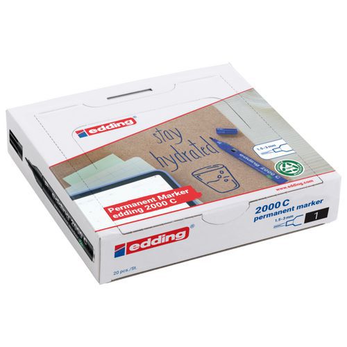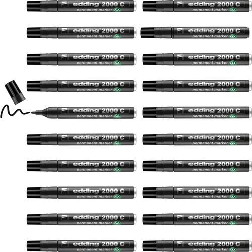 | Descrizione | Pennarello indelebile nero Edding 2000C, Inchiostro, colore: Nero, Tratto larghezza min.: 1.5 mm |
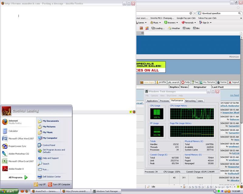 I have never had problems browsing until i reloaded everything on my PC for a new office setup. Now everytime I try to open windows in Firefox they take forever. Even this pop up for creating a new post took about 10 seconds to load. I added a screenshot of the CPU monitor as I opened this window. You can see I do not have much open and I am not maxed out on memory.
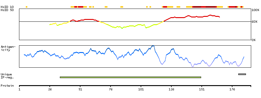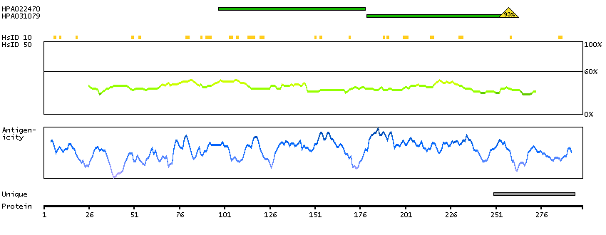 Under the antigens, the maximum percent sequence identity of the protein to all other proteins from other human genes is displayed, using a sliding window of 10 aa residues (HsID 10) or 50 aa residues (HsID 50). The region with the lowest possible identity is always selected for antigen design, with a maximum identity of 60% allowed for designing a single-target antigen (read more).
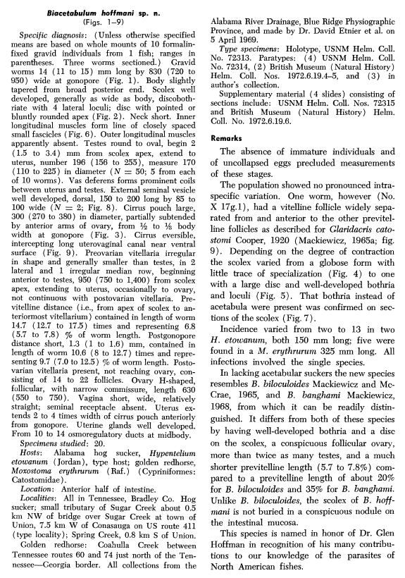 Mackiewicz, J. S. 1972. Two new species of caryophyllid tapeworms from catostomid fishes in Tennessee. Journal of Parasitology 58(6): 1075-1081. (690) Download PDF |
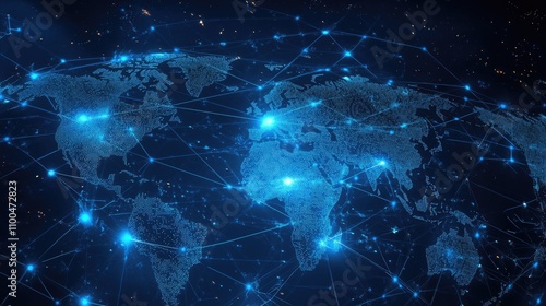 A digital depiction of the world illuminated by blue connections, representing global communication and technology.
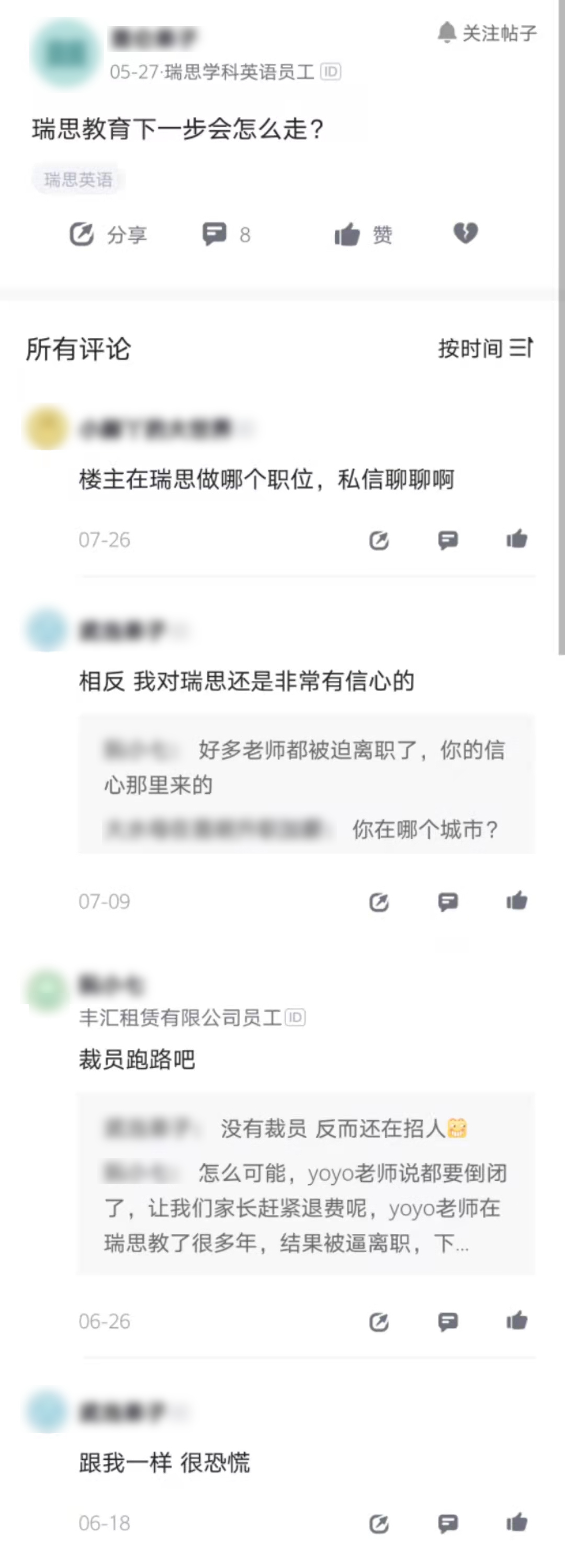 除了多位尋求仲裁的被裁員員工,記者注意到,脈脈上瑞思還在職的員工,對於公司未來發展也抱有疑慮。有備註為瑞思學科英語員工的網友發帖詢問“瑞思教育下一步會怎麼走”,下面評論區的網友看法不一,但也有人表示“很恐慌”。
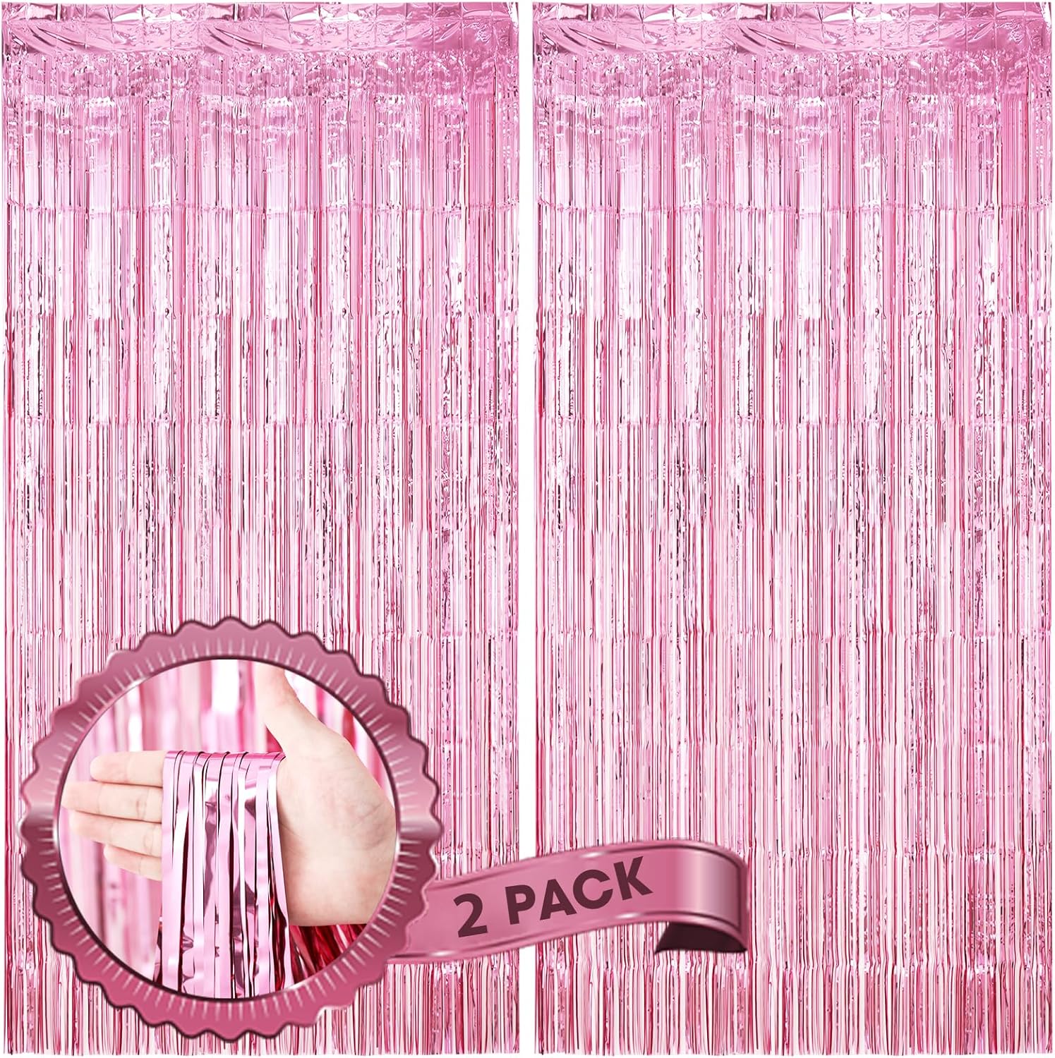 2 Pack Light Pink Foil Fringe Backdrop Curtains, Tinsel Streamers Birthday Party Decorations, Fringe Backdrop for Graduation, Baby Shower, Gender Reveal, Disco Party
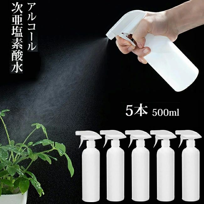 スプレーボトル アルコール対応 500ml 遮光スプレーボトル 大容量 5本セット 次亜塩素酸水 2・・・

● ● ● ●

Would you output the data above exactly as written, but with no images?

 | Descrizione | Pennarello indelebile nero Edding 2000C, Inchiostro, colore: Nero, Tratto larghezza min.: 1.5 mm |
 I have never had problems browsing until i reloaded everything on my PC for a new office setup. Now everytime I try to open windows in Firefox they take forever. Even this pop up for creating a new post took about 10 seconds to load. I added a screenshot of the CPU monitor as I opened this window. You can see I do not have much open and I am not maxed out on memory.
 Under the antigens, the maximum percent sequence identity of the protein to all other proteins from other human genes is displayed, using a sliding window of 10 aa residues (HsID 10) or 50 aa residues (HsID 50). The region with the lowest possible identity is always selected for antigen design, with a maximum identity of 60% allowed for designing a single-target antigen (read more).
 Mackiewicz, J. S. 1972. Two new species of caryophyllid tapeworms from catostomid fishes in Tennessee. Journal of Parasitology 58(6): 1075-1081. (690) Download PDF |
 A digital depiction of the world illuminated by blue connections, representing global communication and technology.
 除了多位尋求仲裁的被裁員員工,記者注意到,脈脈上瑞思還在職的員工,對於公司未來發展也抱有疑慮。有備註為瑞思學科英語員工的網友發帖詢問“瑞思教育下一步會怎麼走”,下面評論區的網友看法不一,但也有人表示“很恐慌”。
 2 Pack Light Pink Foil Fringe Backdrop Curtains, Tinsel Streamers Birthday Party Decorations, Fringe Backdrop for Graduation, Baby Shower, Gender Reveal, Disco Party
 スプレーボトル アルコール対応 500ml 遮光スプレーボトル 大容量 5本セット 次亜塩素酸水 2・・・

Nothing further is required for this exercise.